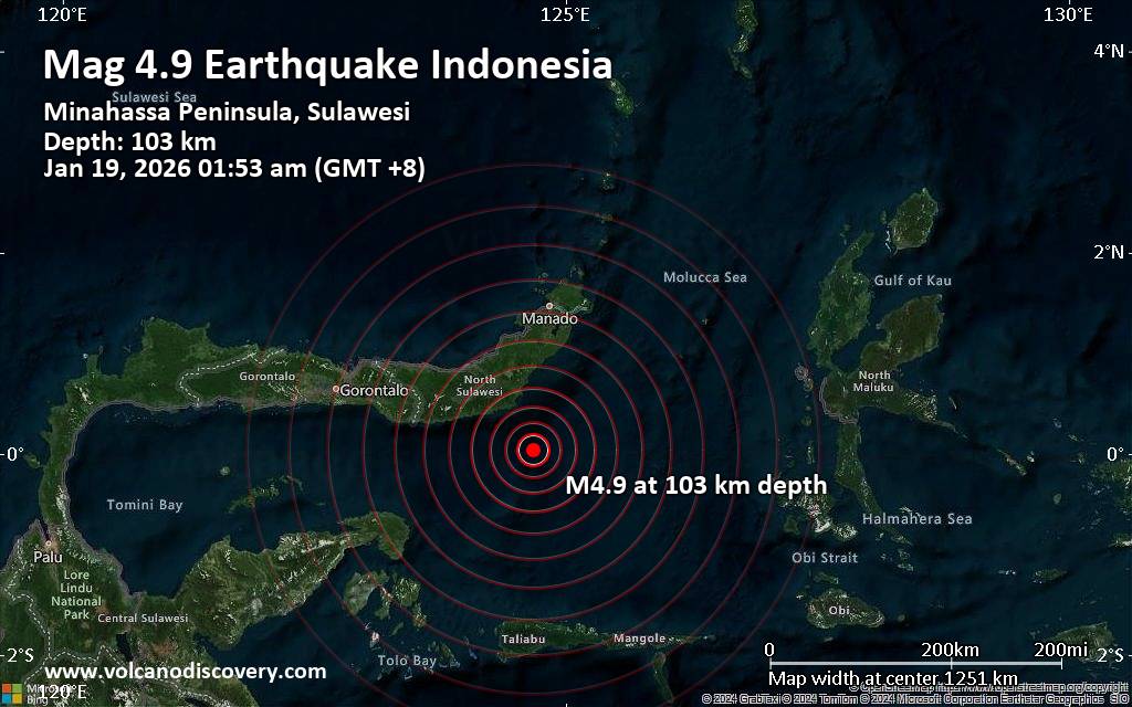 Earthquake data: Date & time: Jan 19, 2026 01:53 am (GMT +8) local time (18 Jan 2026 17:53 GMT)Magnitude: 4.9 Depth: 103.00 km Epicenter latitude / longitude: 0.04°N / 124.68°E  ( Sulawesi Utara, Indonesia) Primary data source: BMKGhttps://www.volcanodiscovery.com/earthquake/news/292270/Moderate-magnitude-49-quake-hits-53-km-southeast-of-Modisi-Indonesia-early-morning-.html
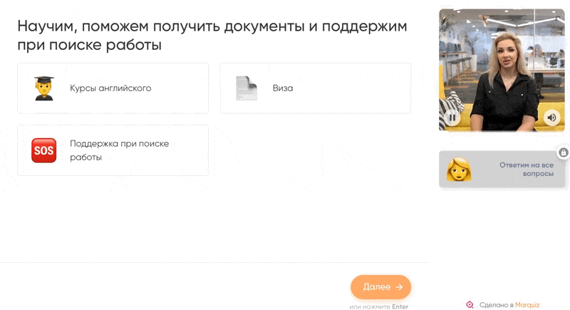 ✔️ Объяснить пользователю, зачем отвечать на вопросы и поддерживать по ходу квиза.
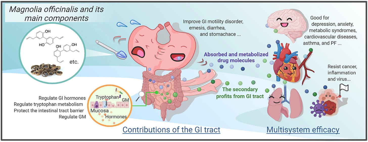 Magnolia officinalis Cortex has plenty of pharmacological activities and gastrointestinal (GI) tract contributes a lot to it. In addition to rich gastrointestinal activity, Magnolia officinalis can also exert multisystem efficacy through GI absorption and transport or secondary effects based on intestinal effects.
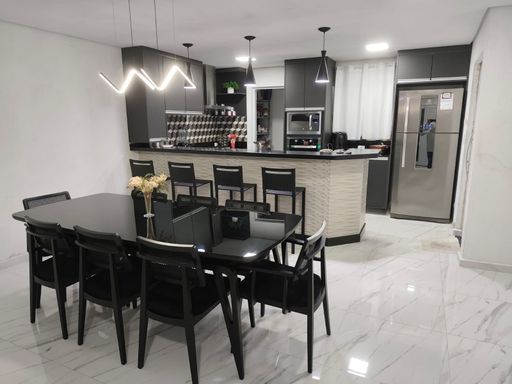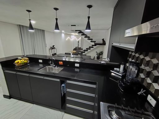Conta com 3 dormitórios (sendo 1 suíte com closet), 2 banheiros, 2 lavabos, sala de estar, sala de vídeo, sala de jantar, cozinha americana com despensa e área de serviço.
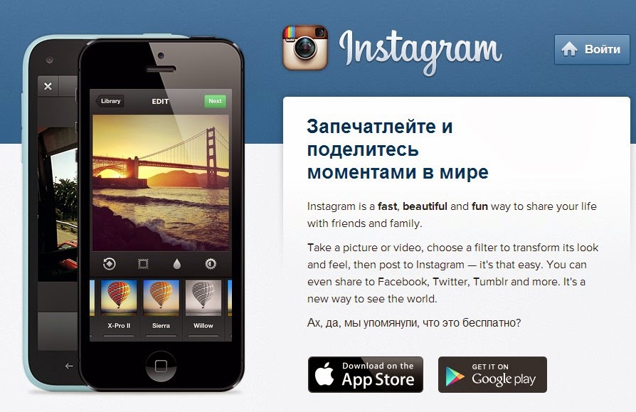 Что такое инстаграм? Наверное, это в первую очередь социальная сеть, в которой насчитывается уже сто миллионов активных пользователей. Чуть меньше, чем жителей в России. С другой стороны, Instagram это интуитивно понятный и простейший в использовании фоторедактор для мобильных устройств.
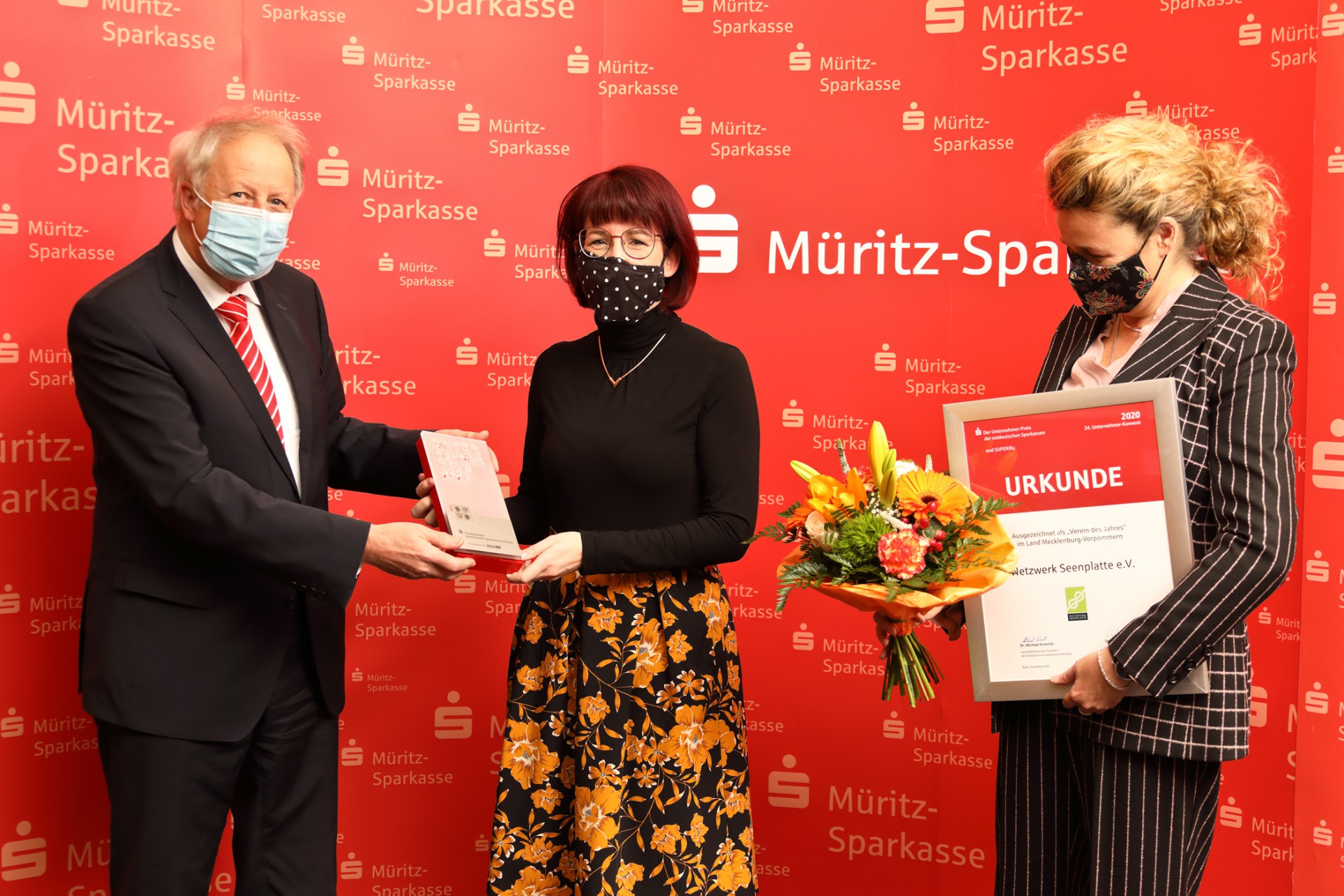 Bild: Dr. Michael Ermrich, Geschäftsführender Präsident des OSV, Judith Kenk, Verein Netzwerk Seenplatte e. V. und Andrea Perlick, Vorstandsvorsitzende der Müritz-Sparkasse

───

Would you return the records exactly as written, minus any image?

 Earthquake data: Date & time: Jan 19, 2026 01:53 am (GMT +8) local time (18 Jan 2026 17:53 GMT)Magnitude: 4.9 Depth: 103.00 km Epicenter latitude / longitude: 0.04°N / 124.68°E  ( Sulawesi Utara, Indonesia) Primary data source: BMKGhttps://www.volcanodiscovery.com/earthquake/news/292270/Moderate-magnitude-49-quake-hits-53-km-southeast-of-Modisi-Indonesia-early-morning-.html
 ✔️ Объяснить пользователю, зачем отвечать на вопросы и поддерживать по ходу квиза.
 Magnolia officinalis Cortex has plenty of pharmacological activities and gastrointestinal (GI) tract contributes a lot to it. In addition to rich gastrointestinal activity, Magnolia officinalis can also exert multisystem efficacy through GI absorption and transport or secondary effects based on intestinal effects.
Conta com 3 dormitórios (sendo 1 suíte com closet), 2 banheiros, 2 lavabos, sala de estar, sala de vídeo, sala de jantar, cozinha americana com despensa e área de serviço.
 Что такое инстаграм? Наверное, это в первую очередь социальная сеть, в которой насчитывается уже сто миллионов активных пользователей. Чуть меньше, чем жителей в России. С другой стороны, Instagram это интуитивно понятный и простейший в использовании фоторедактор для мобильных устройств.
 Bild: Dr. Michael Ermrich, Geschäftsführender Präsident des OSV, Judith Kenk, Verein Netzwerk Seenplatte e. V. und Andrea Perlick, Vorstandsvorsitzende der Müritz-Sparkasse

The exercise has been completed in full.